Frequency analysis

Kapitoly: Cryptography, Frequency analysis

Frequency analysis is a general procedure that can be used during the cracking of several different kinds of ciphers. In frequency analysis, we typically go through the cipher text and try to find some similarities with the language in which the message is written.

The frequency of letters in the ciphertext

One of the basic tools of frequency analysis is the frequency of characters in a given language. If we analyse enough Czech text, we can calculate various statistical information, including how many times which letters occurred in these texts.

Since I bought about five thousand Czech-language books the other day, I did such an analysis on them. There were a total of 1,404,443,151 letters in those five thousand books. The following table shows the distribution of letters (after removing diacritics):

LetterNumber of occurrencesLetterNumber of occurrences
a134 675 829n83 104 322
b24 944 593o112 776 769
c42 120 335p43 747 863
d53 015 496q83 322
e153 141 622r61 750 942
f2 458 624s78 451 777
g3 087 128t75 633 324
h35 075 708u50 265 458
i93 903 002v55 510 103
j32 383 080w762 129
k49 549 907x504 334
l80 345 129y40 132 126
m50 636 489z46 383 740

The following table then shows the relative frequency of letters:

LetterRelative frequencyLetterRelative frequency
a0.09589269n0.05917244
b0.0177612o0.08029999
c0.02999077p0.03114961
d0.03774841q0.00005933
e0.10904081r0.04396827
f0.0017506s0.0558597
g0.00219812t0.05385289
h0.02497482u0.03579031
i0.06686138v0.03952464
j0.02305759w0.00054266
k0.03528082x0.0003591
l0.05720782y0.02857512
m0.0360545z0.03302643

Thus, the table says that approximately 9.58% of the letters in all the books were the letter "a". From this we can deduce that approximately 9.58% of the letters in a normal Czech text would be "a".

Each such statistic will show slightly different values, but that's okay - it's not so much about exact values, you can't find those out anyway, just approximate values.

The deviation of the frequency of letters from the frequency of letters in the language

If we know the expected relative frequencies of each letter in a given language, we can calculate the deviation of some text from the expected values.

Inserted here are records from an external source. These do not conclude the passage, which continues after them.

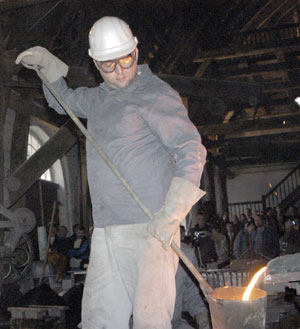 Mitarbeiter vom Baumarkt Strödel Aluminium gießen.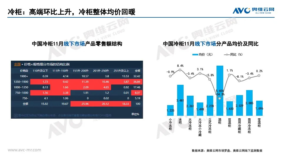 11月线下冷柜市场同比上升。根据奥维云网(AVC)监测数据显示,2020年11月冷柜线下市场零售量为7.6万台,同比上升8.8%,零售额为1.2亿元,同比上升5.0%。其中,小冷冻柜零售额同比上升15.6%;客厅柜中冰吧零售额同比下滑7.2%,酒柜零售额同比上升25.5%。11月线下冷柜均价同比下滑3.5%,冷柜主要品类中小冷柜均价同比上升0.2%、大冷冻柜均价同比下滑3.4%。
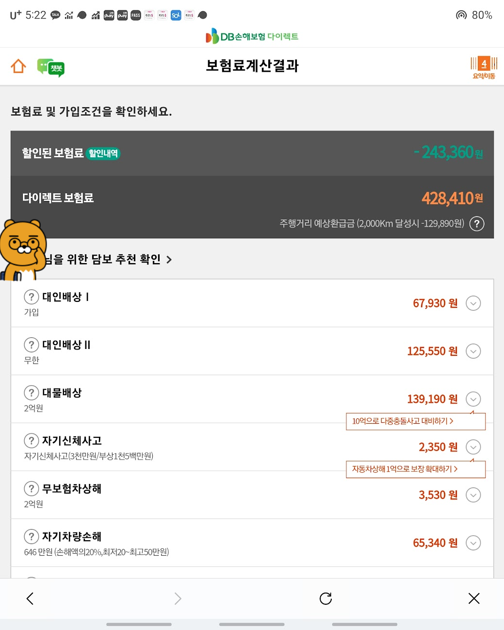 DB손해보험 다이렉트 : 428,410원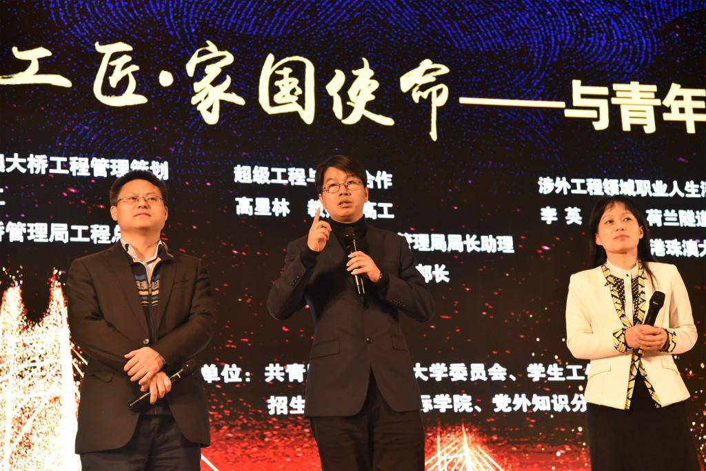 一桥飞架三地,天堑变通途,当港珠澳大桥宏伟的身段,频频闪现在云顶国际vip8866云塘校区大会堂的屏幕上时,伴随着的是长理师生阵阵欢呼……4月3日晚7点,国际学院、共青团云顶国际vip8866委员会、学生工作部(处)、招生就业处、党外知识分子联谊会等共同举办的“大国工匠·家国使命”——港珠澳大桥建设者与长理青年学子面对面活动成功举行,云顶国际vip886692级校友港珠澳大桥工程总监张劲文教授级高工以及港珠澳大桥管理局局长助理高星林教授级高工、荷兰隧道公司(TEC)中国首席代表李英博士作为主讲嘉宾莅临活动现场,云顶国际vip8866副校长蒋昌波教授、副校长刘扬教授、校党委委员兼国际学院党总支书记付嫦娥教授、相关职能部门和学院负责人、校党外知识分子联谊会理事、国际学院全体师生以及其他学院学生共计1500余人聆听了讲座。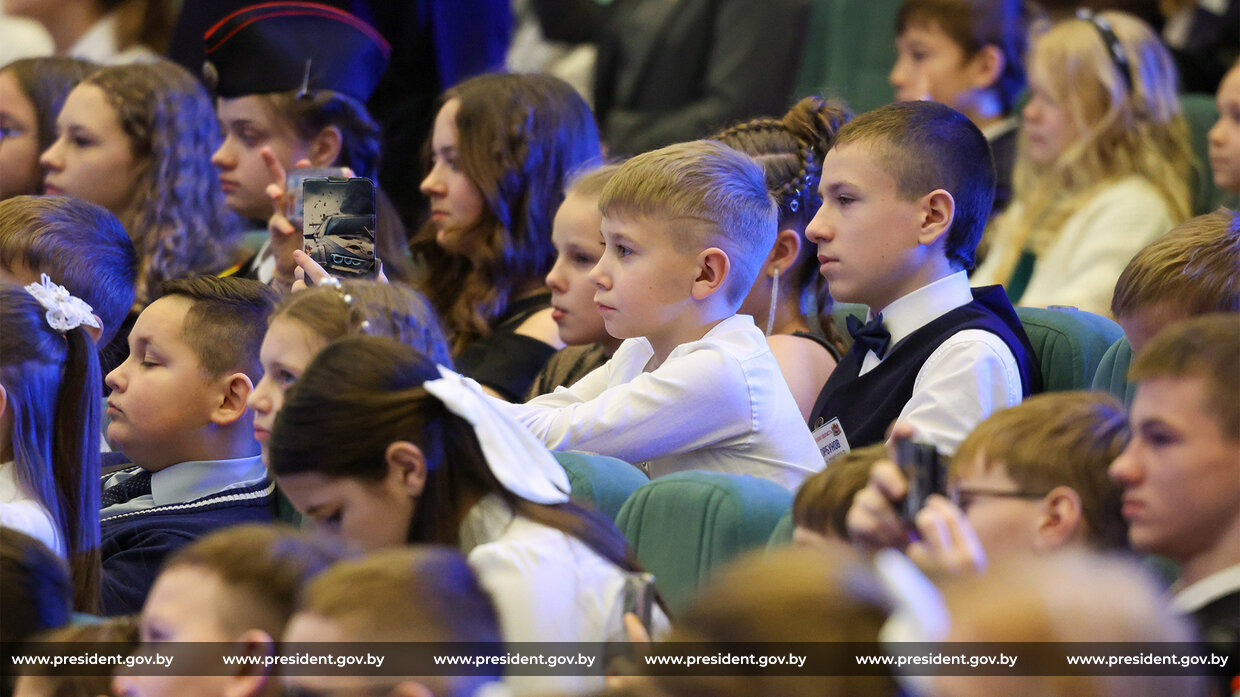 «Я отдаю себе отчет, что в этом зале абсолютно разные дети. Расхожее понятие — разные дети. Конечно же, разные — и по своему положению в том числе. Но, дорогие мои, поверьте моему жизненному опыту: мы в детстве, возможно, все разные, но сегодня как никогда у всех нас равные возможности. Надо только одно — трудиться», — сказал Александр Лукашенко.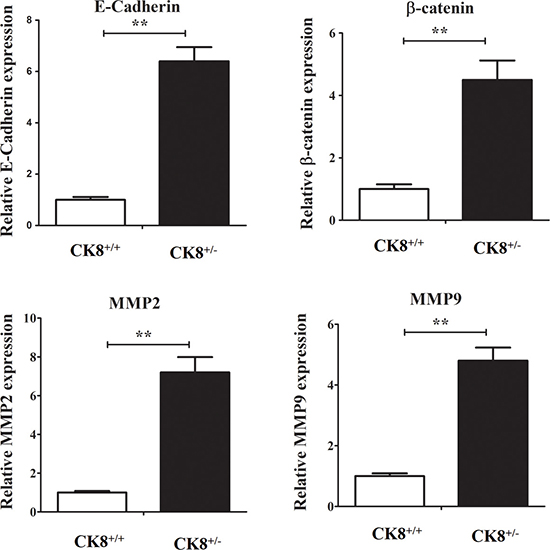 Figure 3: Cancer-related genes mRNA expression in colons of CK8+/+ mice and CK8+/− mice with colorectal cancer. CK8+/+ mice and CK8+/− mice were treated with AOM/DSS as the above described and then RNA was extracted for real-time PCR analysis. Data are shown as the mean ± s.d and are representative of five individuals. **P < 0.01.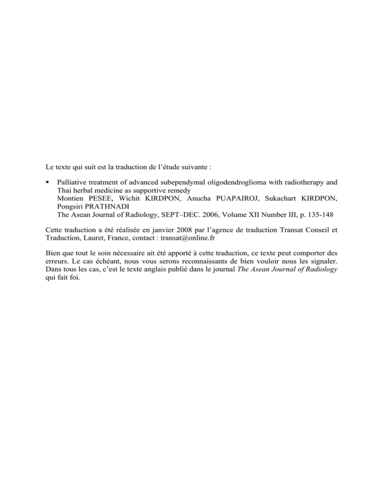 Le texte qui suit est la traduction de l’étude suivante : Palliative treatment of advanced subependymal oligodendroglioma with radiotherapy and Thai herbal medicine as supportive remedy Montien PESEE, Wichit KIRDPON, Anucha PUAPAIROJ, Sukachart KIRDPON, Pongsiri PRATHNADI The Asean Journal of Radiology, SEPT–DEC. 2006, Volume XII Number III, p. 135-148 Cette traduction a été réalisée en janvier 2008 par l’agence de traduction Transat Conseil et Traduction, Lauret, France, contact : [email protected] Bien que tout le soin nécessaire ait été apporté à cette traduction, ce texte peut comporter des erreurs. Le cas échéant, nous vous serons reconnaissants de bien vouloir nous les signaler. Dans tous les cas, c’est le texte anglais publié dans le journal The Asean Journal of Radiology qui fait foi. THE ASEAN JOURNAL OF RADIOLOGY SEPT. – DEC. 2006 Volume XII Numéro III TRAITEMENT PALLIATIF DE L’OLIGODENDROGLIOME DE HAUT GRADE PAR LA RADIOTHÉRAPIE ET LA PHYTOTHÉRAPIE THAÏLANDAISE EN TRAITEMENT D’APPOINT Montien PESEE M.D1 Wichit KIRDPON Ph.D2 Anucha PUAPAIROJ M.D3 Sukachart KIRDPON M.D4 Pongsiri PRATHNADI M.D5 RÉSUMÉ OBJECTIF : Évaluer l’effet adjuvant du produit de phytothérapie thaïlandaise Vilac Plus en complément de la radiothérapie palliative standard par rapport au contrôle historique des rapports issus de la littérature sur les oligodendrogliomes sous-épendymaires. MÉTHODES : Un oligodendrogliome sous-épendymaire non opérable chez un jeune garçon de 14 ans a été traité par radiothérapie palliative et traitement d’appoint concurrent par phytothérapie thaïlandaise (Vilac Plus). RÉSULTATS : Le résultat a révélé une réponse complète de l’oligodendrogliome sousépendymaire de haut grade. Le patient témoigne d'une bonne qualité de vie aujourd'hui, 43 mois après le diagnostic et le début du traitement. En outre, on a aussi observé une amélioration du diabète insipide, et le patient est toujours en vie avec un score de performance de Karnofsky de 100 %. Nous en sommes actuellement au 43ème mois de suivi depuis le diagnostic initial et le début du traitement (craniotomie et biopsie tumorale). CONCLUSION : Les résultats de la radiothérapie d’un oligodendrogliome sous-épendymaire non opérable utilisant la phytothérapie thaïlandaise comme traitement d’appoint se sont révélés très satisfaisants, avec une bonne qualité de vie. Cette association thérapeutique présente une modalité de traitement très prometteuse et économique, et vient confirmer le concept de l’approche complémentaire du traitement anticancéreux. Mots clés : oligodendrogliome sous-épendymaire, radiothérapie palliative, phytothérapie thaïlandaise pour le neurochirurgien, en raison de leur profondeur et de l’importance des structures adjacentes. De plus, des risques opératoires, tels qu'une lésion du champ visuel, une hémorragie thalamique postopératoire, une embolie pulmonaire, un hygrome sous-dural ou un déficit neurologique, ont été rapportés1-4. Par conséquent, dans les cas avancés, la radiothérapie palliative est la seule méthode de traitement disponible, sans INTRODUCTION Les oligodendrogliomes sousépendymaires sont rares et se présentent sous la forme de néoplasmes intracrâniens de la matrice germinale sous-épendymaire à croissance lente1-4. Les traitements standards sont chirurgicaux. De par leur nature de tumeur intraventriculaire, les oligodendrogliomes représentent un défi majeur 1 Service de radiothérapie, Département de Radiologie, Hôpital Srinagarind, Faculté de médecine, Université de Khon Kaen, Thaïlande, 40002 2 Service de médecine nucléaire, Département de Radiologie, Hôpital Srinagarind, Faculté de médecine, Université de Khon Kaen, Thaïlande, 40002 3 Département de pathologie, Hôpital Srinagarind, Faculté de médecine, Université de Khon Kaen, Thaïlande, 40002 4 Département de pédiatrie, Faculté de médecine, Université de Khon Kaen, Thaïlande, 40002 5 Département de chirurgie, Faculté de médecine, Université de Chiang Mai, Thaïlande, 50000 135 THE ASEAN JOURNAL OF RADIOLOGY SEPT. – DEC. 2006 Volume XII Numéro III fournir de résultats complètement satisfaisants en raison de l’effet de masse de la tumeur, ou de l’œdème tumoral et péritumoral associés, qui causent une augmentation de la pression intracrânienne. L’œdème cérébral aigu peut entraîner une hernie cérébrale subite. Le présent rapport porte sur un cas d’oligodendrogliome sous-épendymaire non opérable traité par radiothérapie palliative et phytothérapie thaïlandaise (Vilac Plus) comme traitement d’appoint. Il a été prouvé que le produit tonique ne présentait aucune toxicité orale aiguë dans le cadre d’une étude sur animaux5. Aucune trace de prednisolone ou de déxamethasone n’a été détectée6. Dans une étude in vitro, Vilas Plus a témoigné d’un important pouvoir antioxydant7. L’efficacité de la recette de la solution tonique phytothérapeutique thaïlandaise a été prouvée en termes d’activité antitumorale8. Elle contient trois plantes comestibles, un champignon entier nommé Ganoderma Lucidum, des feuilles d’Houttuynia Cordata Thunb et des racines de Boesenbergia Pandurata Holtt (Krachai)8. La procédure de ce projet a été approuvée par le Comité d’éthique humaine de l’Université de Khon Kaen (HE 480745). OBJECTIF Évaluer l’effet symptomatique de la phytothérapie thaïlandaise, particulièrement de Vilac Plus, en complément d'une radiothérapie palliative, par rapport au contrôle historique des rapports issus de la littérature sur les oligodendrogliomes sous-épendymaires. Cette étude a été menée dans le Service de radiothérapie, Département de Radiologie, Faculté de médecine, Université de Khon Kaen, Khon Kaen, Thaïlande. RAPPORT DE CAS Un jeune garçon thaïlandais de 14 ans s’est présenté avec des antécédents de p

As an example, consider two texts, "fhes dudy fqhup ijhecuc fhejepu eriqxkzu ahkpdysu" and "proc neni parez tree because it contains crucifixes". At first glance we see that the first text is some gibberish, while the second sentence is the Czech text. Let's calculate the deviation - it should work out that the deviation of the first text will be substantially higher than that of the second.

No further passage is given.